RNAMake-ΔΔG accounts for changes in tectoRNA affinity in a blind prediction challenge. (A) Blind predictions generated with the RNAMake-ΔΔG model agree well with observed values of tectoRNA binding ΔG for 1,536 chip-piece variants (R2 = 0.71). Each set of ΔG values is compared with their respective medians to obtain ΔΔGs. The red dashed line indicates the best-fit line (slope = 0.54); the gray dotted line indicates the line of slope 1. Inset shows the measured binding affinity curves of 2 chip-piece variants. (B) Example 3D trajectories of the chip-piece helix produced during the Monte Carlo sampling for 2 variants whose binding curves are shown in A).
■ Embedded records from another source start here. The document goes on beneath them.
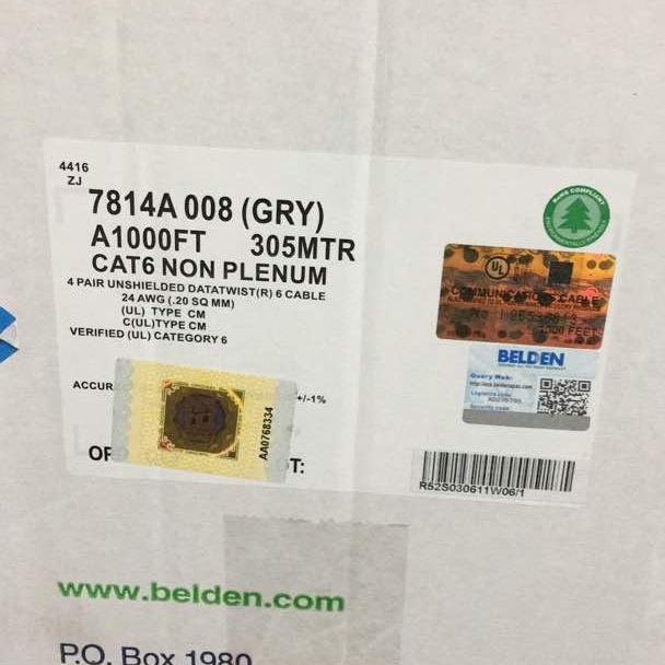 Kabel Belden UTP cat 6 (7814A) original (Lihat Hologram).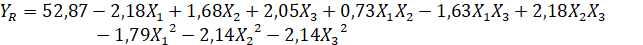 В результате данного эксперимента можно получить регрессионную модель следующего общего вида: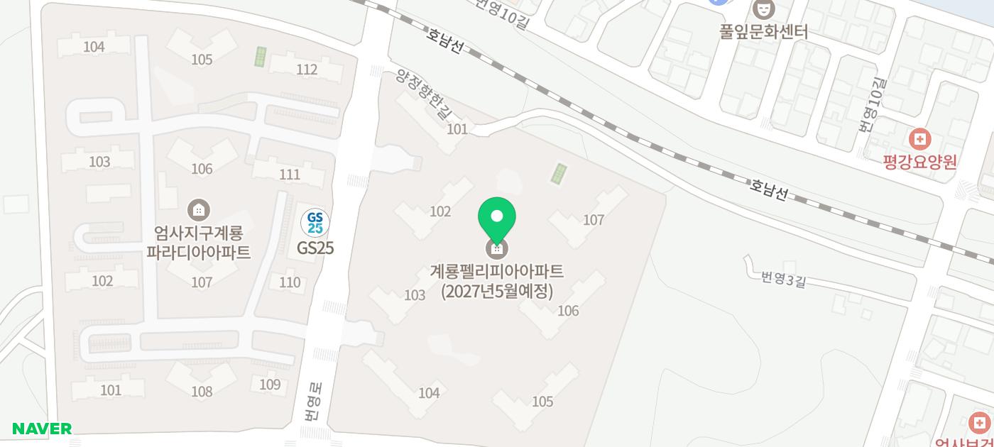 계룡 펠리피아 자연환경으로 단지 인근에 엄사공원과 향적산, 엄사근린공원, 두계천 산책로, 시도안체육공원, 무궁화동산, 용동저수지, 새터산근린공원, 금암근린공원, 뒷골공원, 두계근린공원 등 자연환경들도 인접해 있어 쾌적한 자연환경도 함께 누리실 수 있습니다.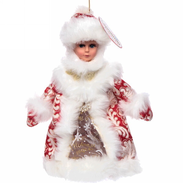 Снегурочка 35см, красная шуба, отделение для подарков, пластик/текстиль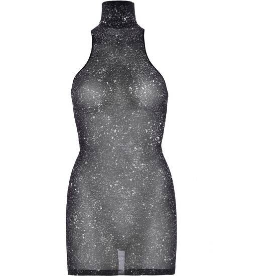Mini vestido con cuello alto en lurex brillante y elastano.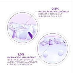 Serum rellenador con 1,5% de acido hialuronico puro. La mas alta concentracion de Acido hialuronico logrando -40% de lineas finas en 4 semanas.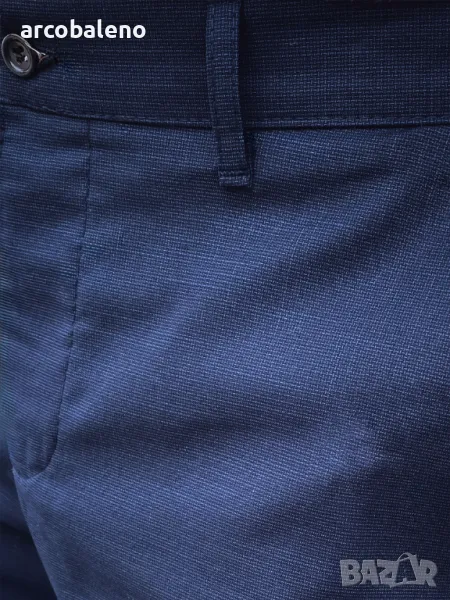 Класика с модерен привкус - тези тъмносини панталони с фина шарка на каре са задължителни в гардероба на всеки мъж. Перфектен за различни поводи, от бизнес срещи до случайни излизания с приятели. Висококачествената материя осигурява комфорт при носене, а прецизното покритие придава елегантност. Съчетайте ги с бяла риза и модерни обувки за стилна и елегантна визия. Инвестирайте в панталон, който ще подчертае вашия уникален стил!

For each variant, 250 unbound trajectories (light gray) and 100 bound trajectories are shown (dark gray). All trajectories are aligned by the top base pair. The traces are through the center of each base pair in the helix. (C) Distribution of the terminating base pair of the chip and flow pieces in the partially bound tectoRNA projected on the x-y plane. Distributions were determined using bivariate kernel density estimate smoothing of ∼1,000 bound or partially bound structures sampled from the simulation. The centroids of the distributions are shown as open circles; the black lines connect the centroid of the partially bound structures to the centroid of the bound structures (black dot). (D) Observed (Left) and predicted (Right) affinities for chip-piece helices with the indicated base pair at each position within the helix. Affinities are given as the deviation from the median observed or predicted affinity across all 1,536 variants.
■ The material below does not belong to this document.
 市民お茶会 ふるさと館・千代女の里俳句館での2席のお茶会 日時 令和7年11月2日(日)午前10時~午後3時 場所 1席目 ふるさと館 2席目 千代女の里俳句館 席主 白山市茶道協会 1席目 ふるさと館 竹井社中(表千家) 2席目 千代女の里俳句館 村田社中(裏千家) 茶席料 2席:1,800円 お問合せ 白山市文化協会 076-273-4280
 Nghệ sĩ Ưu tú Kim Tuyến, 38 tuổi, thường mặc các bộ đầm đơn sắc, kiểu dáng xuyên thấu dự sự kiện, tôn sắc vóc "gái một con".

After our blind predictions, we investigated whether the magnitude of the proximity threshold used to evaluate base-pair overlap, the choice of base pair at which to evaluate overlap, and the choice of starting conformation affected the accuracy of the model. There is a large range of proximity thresholds that give similar R2 values, although the slope between our predictions and the observed values changes slightly (SI Appendix, Fig. S4). In addition, our predictions are largely independent of the base pair at which we evaluated overlap as well as the starting conformation for simulations (SI Appendix, Fig. S5).
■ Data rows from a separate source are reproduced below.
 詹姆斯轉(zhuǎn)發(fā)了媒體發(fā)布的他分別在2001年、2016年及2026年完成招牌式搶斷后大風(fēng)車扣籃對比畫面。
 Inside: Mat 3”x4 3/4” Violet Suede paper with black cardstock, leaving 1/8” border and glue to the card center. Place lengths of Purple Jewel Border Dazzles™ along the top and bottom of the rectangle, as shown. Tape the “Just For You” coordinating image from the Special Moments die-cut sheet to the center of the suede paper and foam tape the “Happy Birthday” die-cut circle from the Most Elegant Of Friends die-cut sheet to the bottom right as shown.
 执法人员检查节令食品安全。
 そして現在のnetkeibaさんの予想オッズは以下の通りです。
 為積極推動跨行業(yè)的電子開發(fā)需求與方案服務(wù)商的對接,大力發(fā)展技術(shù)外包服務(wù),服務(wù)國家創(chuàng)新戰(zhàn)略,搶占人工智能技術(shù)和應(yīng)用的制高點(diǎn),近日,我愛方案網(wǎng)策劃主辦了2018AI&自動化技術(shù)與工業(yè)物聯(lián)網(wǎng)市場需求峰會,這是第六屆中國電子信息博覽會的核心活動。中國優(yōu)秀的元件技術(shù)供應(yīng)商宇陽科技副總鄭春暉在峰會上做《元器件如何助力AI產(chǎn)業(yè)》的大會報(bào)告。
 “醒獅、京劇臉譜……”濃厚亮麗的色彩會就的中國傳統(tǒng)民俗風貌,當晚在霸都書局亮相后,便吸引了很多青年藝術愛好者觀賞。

To help visualize the formation of the tectoRNA assembly, we present in Fig. 3 B and C the modeled conformational ensembles of 2 tectoRNA variants from the extremes of the range of tectoRNA affinity measurements (magenta = −10.2 kcal/mol, cyan = −12.0 kcal/mol). Fig. 3B shows a subset of the chip-piece helix trajectories, while Fig. 3C shows the modeled distribution of the final base pair of the flow and chip-piece helix, projected on the x-y plane. Both the low- and the high-affinity chip-piece helices sample a wide range of RNA backbone trajectories in the unconstrained tectoRNA ensembles with variation in the position of the final base pair of more than 7 Å (full width at half maximum in the x and y directions; Fig. 3C). The median position of the final base pair differed by 5.3 Å between the 2 chip-piece helices with the end of the helix being substantially farther from the flow piece for the low-affinity variant (Fig. 3C). For both cases and especially the destabilized case (magenta), our modeling suggested that the chip piece was bound to the flow piece only in the subset of conformational states making more extreme conformational excursions (i.e., compare black and gray trajectories in Fig. 3B). Further supporting this picture, attempting to model binding affinity using only a single most populated structure for each base-pair step produced worse predictions (R2 = 0.42; SI Appendix, Fig. S6 A and B). Finally, our modeling suggested that certain structural differences between helix sequences had large effects on thermodynamic stability, while others had minimal effects (SI Appendix, Fig. S6 C and D and the next section). By taking the difference between the centroid of the bound states and the unconstrained states, we determined a spatial projection of the structural differences most coupled to thermodynamic effects. Differences between helices along this projection were highly correlated to the observed ∆∆G values (R2 = 0.71), while differences along a perpendicular axis were uncorrelated (SI Appendix, Fig. S6D). Thus, specific differences between static structures may be used to predict and understand thermodynamic effects, albeit less directly than with the full computational model.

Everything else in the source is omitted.